Exercise description.
Please repeat the records exactly. The pictures are to be left out.

** Records supplied follows **

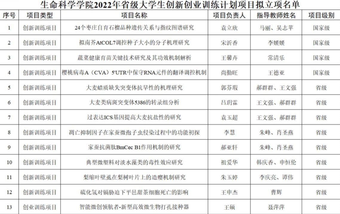2022年是学校重点工作攻坚年,也是硕士点建设关键年。生命科学学院积极落实学校创新发展理念,始终把大学生创新创业训练计划立项工作作为提升大学生专业能力的重要途径。学院设立的大学生创新活动中心以创新创业实践活动为支撑,以各种创新创业竞赛为抓手,有效提升了学院人才培养质量和水平。
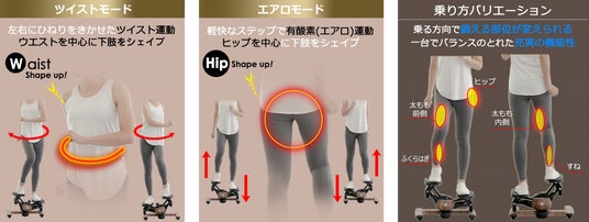 ・「エアロモード」での上下の運動と「ツイストモード」でのひねりの運動ができることで、ウエストや内腿の筋肉をしっかり使うことができます。
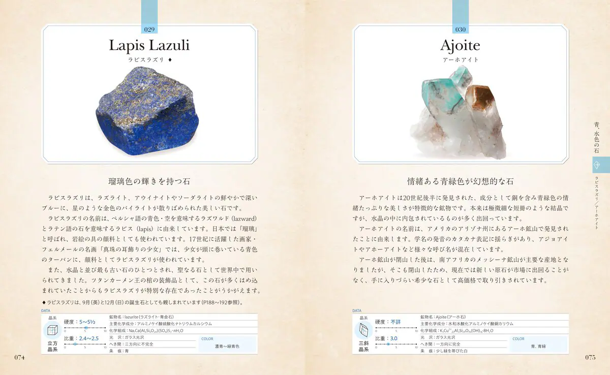 石ごとに結晶系、比重、硬度、光沢、劈開(へきかい)、条痕などの詳細データも掲載。巻末ではデータにまつわる基礎知識も解説される。
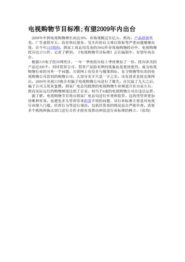 電視購物節(jié)目標準;有望2009年內(nèi)出臺
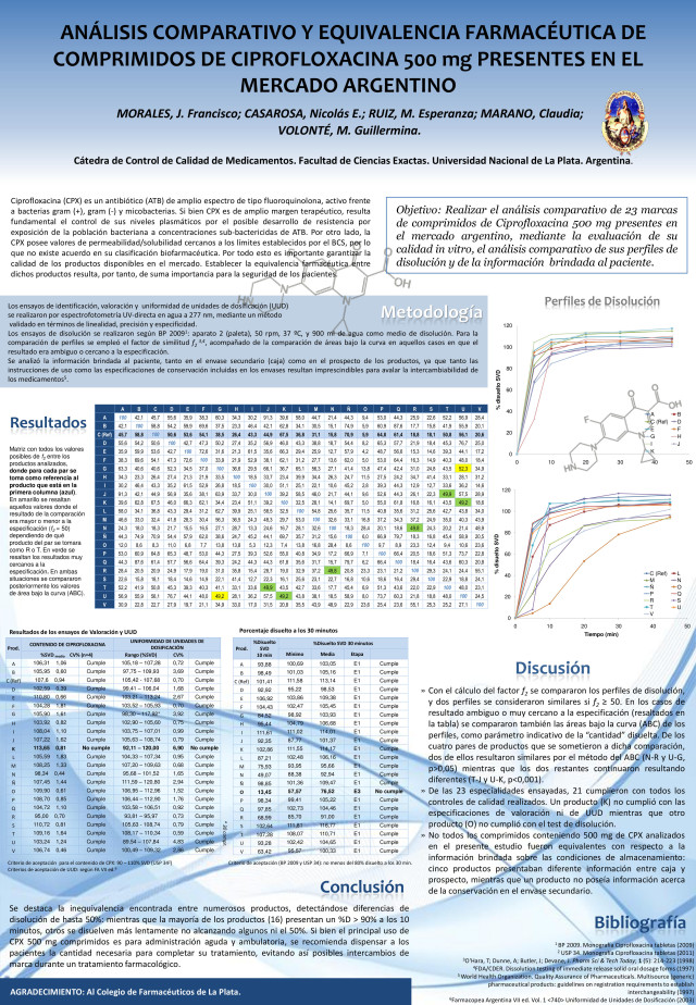 En esta oportunidad los colegas MORALES, J. Francisco; CASAROSA, Nicolás E.; RUIZ, M. Esperanza; MARANO, Claudia y VOLONTÉ, M. Guillermina, concluyeron que en el análisis comparativo y equivalencia farmacéutica de comprimidos de Ciprofloxacina 500 mg presentes en el mercado argentino se destaca la inequivalencia encontrada entre numerosos productos, detectándose diferencias de disolución de hasta 50%: mientras que la mayoría de los productos (16) presentan un %D > 90% a los 10 minutos, otros se disuelven más lentamente no alcanzando algunos ni el 50%.

** End of Records supplied **

Completed task.
2022年是学校重点工作攻坚年,也是硕士点建设关键年。生命科学学院积极落实学校创新发展理念,始终把大学生创新创业训练计划立项工作作为提升大学生专业能力的重要途径。学院设立的大学生创新活动中心以创新创业实践活动为支撑,以各种创新创业竞赛为抓手,有效提升了学院人才培养质量和水平。
 ・「エアロモード」での上下の運動と「ツイストモード」でのひねりの運動ができることで、ウエストや内腿の筋肉をしっかり使うことができます。
 石ごとに結晶系、比重、硬度、光沢、劈開(へきかい)、条痕などの詳細データも掲載。巻末ではデータにまつわる基礎知識も解説される。
 電視購物節(jié)目標準;有望2009年內(nèi)出臺
 En esta oportunidad los colegas MORALES, J. Francisco; CASAROSA, Nicolás E.; RUIZ, M. Esperanza; MARANO, Claudia y VOLONTÉ, M. Guillermina, concluyeron que en el análisis comparativo y equivalencia farmacéutica de comprimidos de Ciprofloxacina 500 mg presentes en el mercado argentino se destaca la inequivalencia encontrada entre numerosos productos, detectándose diferencias de disolución de hasta 50%: mientras que la mayoría de los productos (16) presentan un %D > 90% a los 10 minutos, otros se disuelven más lentamente no alcanzando algunos ni el 50%.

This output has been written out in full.